- Venue: London Olympic Stadium
- Dates: 3 September
- Competitors: 13 from 10 nations

Medalists
- 1st place, gold medalist(s):  / Mickey Bushell / Great Britain
- 2nd place, silver medalist(s):  / Zhao Yufei / China
- 3rd place, bronze medalist(s):  / Yu Shiran / China

= Athletics at the 2012 Summer Paralympics – Men's 100 metres T53 =

The Men's 100 metres T53 event at the 2012 Summer Paralympics took place at the London Olympic Stadium on 3 September.

==Records==
Prior to the competition, the existing World and Paralympic records were as follows.

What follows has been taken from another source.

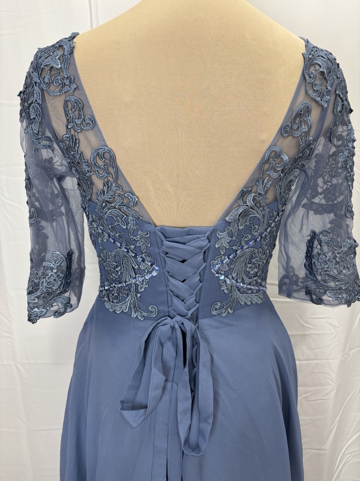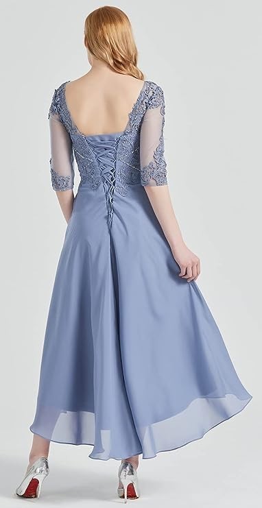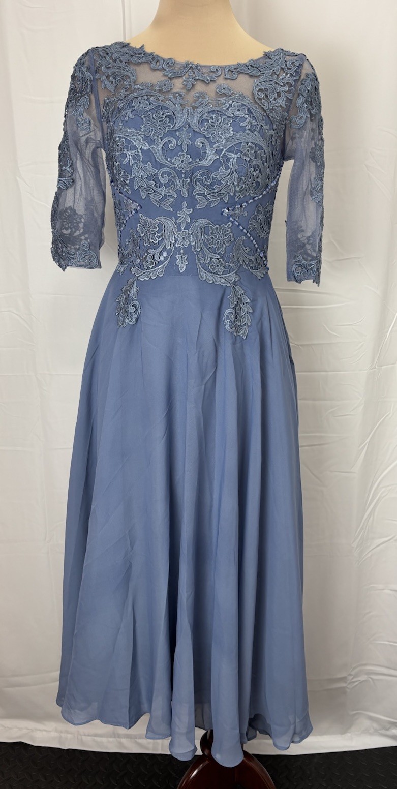 Women's Floral Lace Appliques 3/4 Sleeve Tea Length Party Dress Sz 8

| World record | Mickey Bushell (GBR) | 14.47 | Arbon, Switzerland | 24 June 2010 |
| Paralympic record | Yu Shiran (CHN) | 14.81 | Beijing, China | 16 September 2008 |
Broken records during the 2012 Summer Paralympics
| Paralympic record | Mickey Bushell (GBR) | 14.75 | London, United Kingdom | 3 September 2012 |

==Results==

===Round 1===
Competed 3 September 2012 from 10:15. Qual. rule: first 3 in each heat (Q) plus the 2 fastest other times (q) qualified.

====Heat 1====

| Rank | Athlete | Country | Time | Notes |
|---|---|---|---|---|
| 1 | Mickey Bushell | Great Britain | 14.86 | Q |
| 2 | Yu Shiran | China | 15.06 | Q, PB |
| 3 | Brian Siemann | United States | 15.32 | Q |
| 4 | Mohamed Bani Hashem | United Arab Emirates | 16.01 |  |
| 5 | Sopa Intasen | Thailand | 16.23 | SB |
| 6 | Jung Dong Ho | South Korea | 16.24 |  |
| 7 | Hitoshi Matsunaga | Japan | 16.79 |  |
|  |  |  | Wind: +0.3 m/s |  |

====Heat 2====

| Rank | Athlete | Country | Time | Notes |
|---|---|---|---|---|
| 1 | Brent Lakatos | Canada | 15.00 | Q |
| 2 | Zhao Yufei | China | 15.15 | Q, PB |
| 3 | Ariosvaldo Fernandes Silva | Brazil | 15.22 | Q |
| 4 | Hamad N M E Aladwani | Kuwait | 15.62 | q |
| 5 | Zach Abbott | United States | 15.82 | q |
| 6 | Pichet Krungget | Thailand | 16.49 | SB |
|  |  |  | Wind: -0.1 m/s |  |

===Final===
Competed 3 September 2012 at 19:20.

| Rank | Athlete | Country | Time | Notes |
|---|---|---|---|---|
| 1st place, gold medalist(s) | Mickey Bushell | Great Britain | 14.75 | PR |
| 2nd place, silver medalist(s) | Zhao Yufei | China | 15.09 | PB |
| 3rd place, bronze medalist(s) | Yu Shiran | China | 15.20 |  |
| 4 | Ariosvaldo Fernandes Silva | Brazil | 15.31 |  |
| 5 | Brent Lakatos | Canada | 15.31 |  |
| 6 | Brian Siemann | United States | 15.39 |  |
| 7 | Hamad N M E Aladwani | Kuwait | 15.47 | PB |
| 8 | Zach Abbott | United States | 15.51 |  |
|  |  |  | Wind: +0.2 m/s |  |

Q = qualified by place. q = qualified by time. PR = Paralympic Record. PB = Personal Best. SB = Seasonal Best.